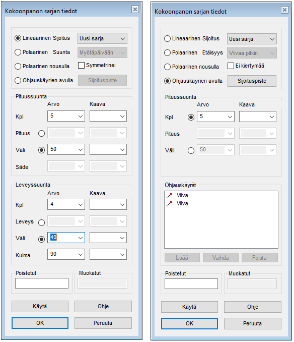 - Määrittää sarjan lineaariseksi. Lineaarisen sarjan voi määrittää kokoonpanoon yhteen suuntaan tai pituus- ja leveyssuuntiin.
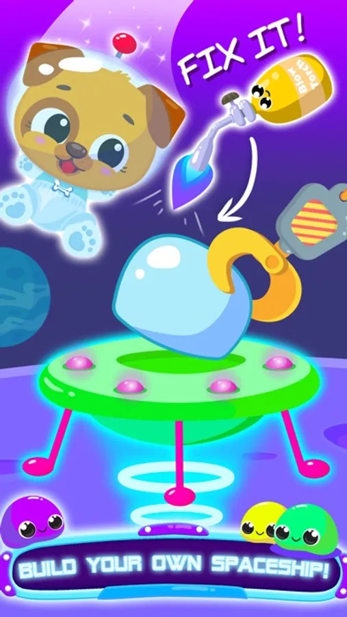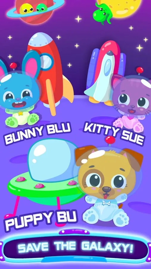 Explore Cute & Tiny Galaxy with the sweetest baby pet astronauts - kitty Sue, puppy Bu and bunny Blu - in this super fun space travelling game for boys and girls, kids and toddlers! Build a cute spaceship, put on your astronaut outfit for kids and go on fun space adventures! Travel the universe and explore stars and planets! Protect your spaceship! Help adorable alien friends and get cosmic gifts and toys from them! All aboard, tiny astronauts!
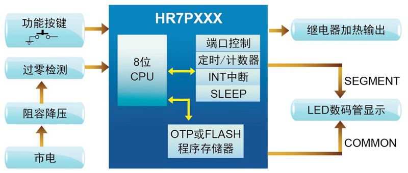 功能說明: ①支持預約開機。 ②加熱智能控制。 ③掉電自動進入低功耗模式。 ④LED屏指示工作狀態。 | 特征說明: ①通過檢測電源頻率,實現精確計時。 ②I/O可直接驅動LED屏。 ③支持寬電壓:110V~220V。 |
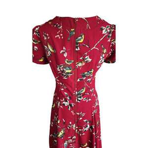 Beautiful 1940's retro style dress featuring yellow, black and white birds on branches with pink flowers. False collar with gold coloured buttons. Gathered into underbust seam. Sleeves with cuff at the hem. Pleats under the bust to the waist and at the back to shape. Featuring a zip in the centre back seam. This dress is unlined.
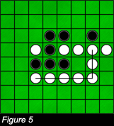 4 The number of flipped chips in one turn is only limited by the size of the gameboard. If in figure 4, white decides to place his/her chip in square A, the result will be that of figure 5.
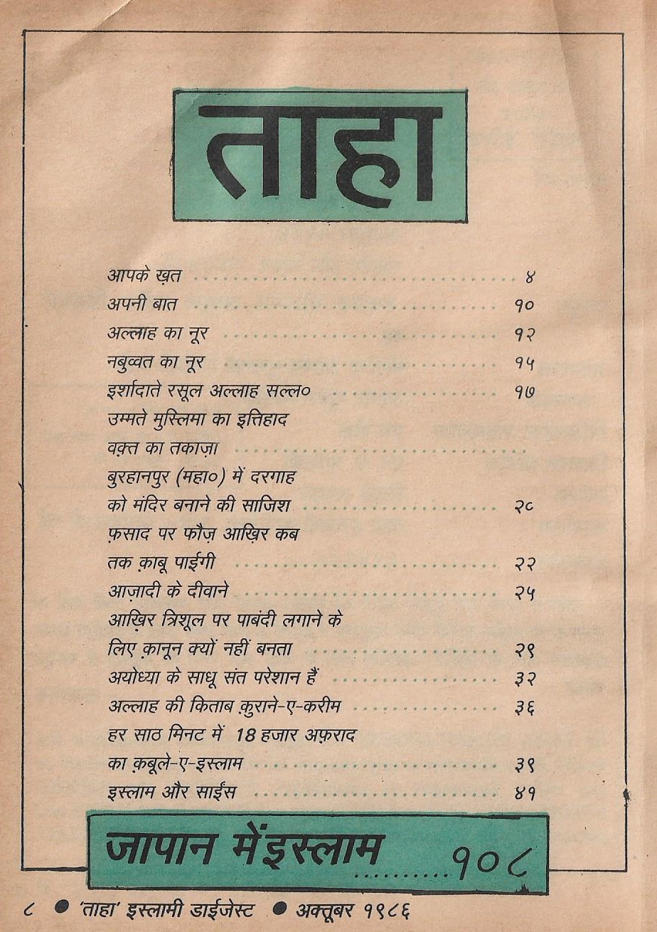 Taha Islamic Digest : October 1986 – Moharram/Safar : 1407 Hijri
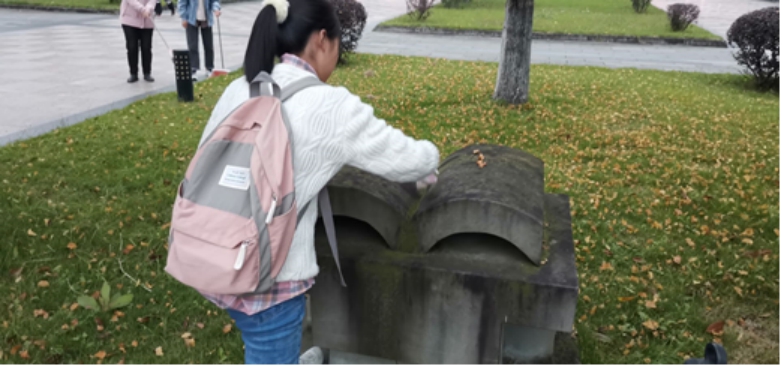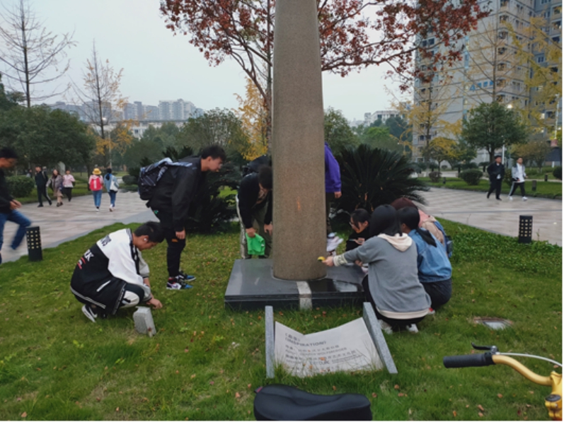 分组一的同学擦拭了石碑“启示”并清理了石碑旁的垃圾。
^^^^
* _What is expected_
With the pictures excluded, retype exactly the lines from the one containing "功能說明: ①支持預約開機。 ②加熱智能控制。" through the last line of the listing, both ends included.

* _Answer for this exercise_
 功能說明: ①支持預約開機。 ②加熱智能控制。 ③掉電自動進入低功耗模式。 ④LED屏指示工作狀態。 | 特征說明: ①通過檢測電源頻率,實現精確計時。 ②I/O可直接驅動LED屏。 ③支持寬電壓:110V~220V。 |
 Beautiful 1940's retro style dress featuring yellow, black and white birds on branches with pink flowers. False collar with gold coloured buttons. Gathered into underbust seam. Sleeves with cuff at the hem. Pleats under the bust to the waist and at the back to shape. Featuring a zip in the centre back seam. This dress is unlined.
 4 The number of flipped chips in one turn is only limited by the size of the gameboard. If in figure 4, white decides to place his/her chip in square A, the result will be that of figure 5.
 Taha Islamic Digest : October 1986 – Moharram/Safar : 1407 Hijri
 分组一的同学擦拭了石碑“启示”并清理了石碑旁的垃圾。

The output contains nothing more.